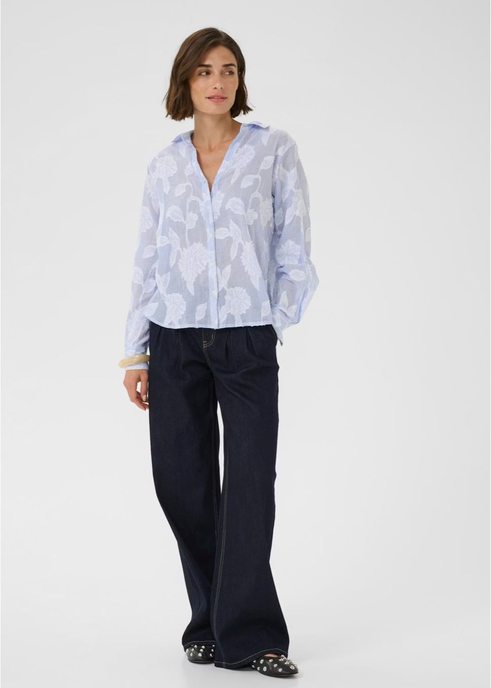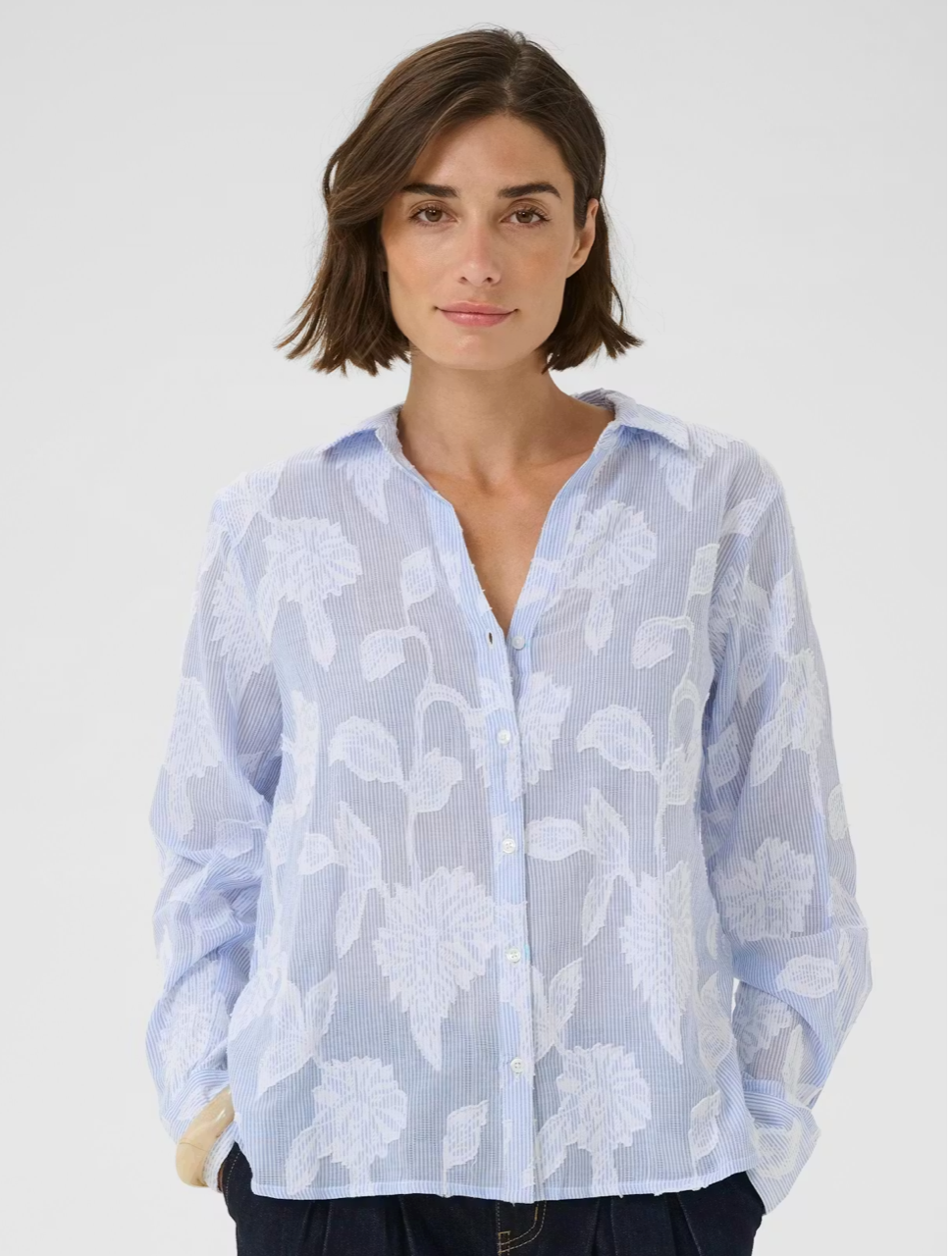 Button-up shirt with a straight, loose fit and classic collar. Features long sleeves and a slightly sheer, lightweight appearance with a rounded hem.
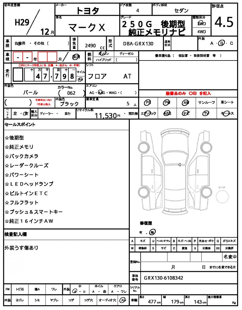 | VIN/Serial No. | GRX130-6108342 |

...

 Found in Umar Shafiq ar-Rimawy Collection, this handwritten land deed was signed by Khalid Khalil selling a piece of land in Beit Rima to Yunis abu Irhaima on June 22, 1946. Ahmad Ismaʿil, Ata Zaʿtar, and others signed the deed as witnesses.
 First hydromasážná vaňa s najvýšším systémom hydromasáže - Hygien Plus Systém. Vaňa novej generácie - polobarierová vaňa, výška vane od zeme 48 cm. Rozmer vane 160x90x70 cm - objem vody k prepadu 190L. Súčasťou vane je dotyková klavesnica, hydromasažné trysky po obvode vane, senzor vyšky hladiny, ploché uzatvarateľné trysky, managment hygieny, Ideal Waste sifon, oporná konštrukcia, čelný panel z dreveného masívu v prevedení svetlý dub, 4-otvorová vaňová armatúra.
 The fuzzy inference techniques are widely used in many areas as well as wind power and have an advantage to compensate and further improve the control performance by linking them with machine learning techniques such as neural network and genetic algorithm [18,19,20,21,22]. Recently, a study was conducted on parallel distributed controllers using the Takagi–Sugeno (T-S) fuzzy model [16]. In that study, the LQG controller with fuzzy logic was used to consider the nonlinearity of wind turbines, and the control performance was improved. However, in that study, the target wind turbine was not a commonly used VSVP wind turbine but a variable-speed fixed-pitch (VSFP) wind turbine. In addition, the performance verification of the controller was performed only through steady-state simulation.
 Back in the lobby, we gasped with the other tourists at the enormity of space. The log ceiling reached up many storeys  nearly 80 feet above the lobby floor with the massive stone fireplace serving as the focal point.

*WORK ITEM*: In the records above, find the line with "Button-up shirt with" and the line with "No. | GRX130-6108342 |". Write out exactly those lines and every one between, with no pictures and no other lines.

*ANSWER TO THIS EXERCISE*:
 Button-up shirt with a straight, loose fit and classic collar. Features long sleeves and a slightly sheer, lightweight appearance with a rounded hem.
 | VIN/Serial No. | GRX130-6108342 |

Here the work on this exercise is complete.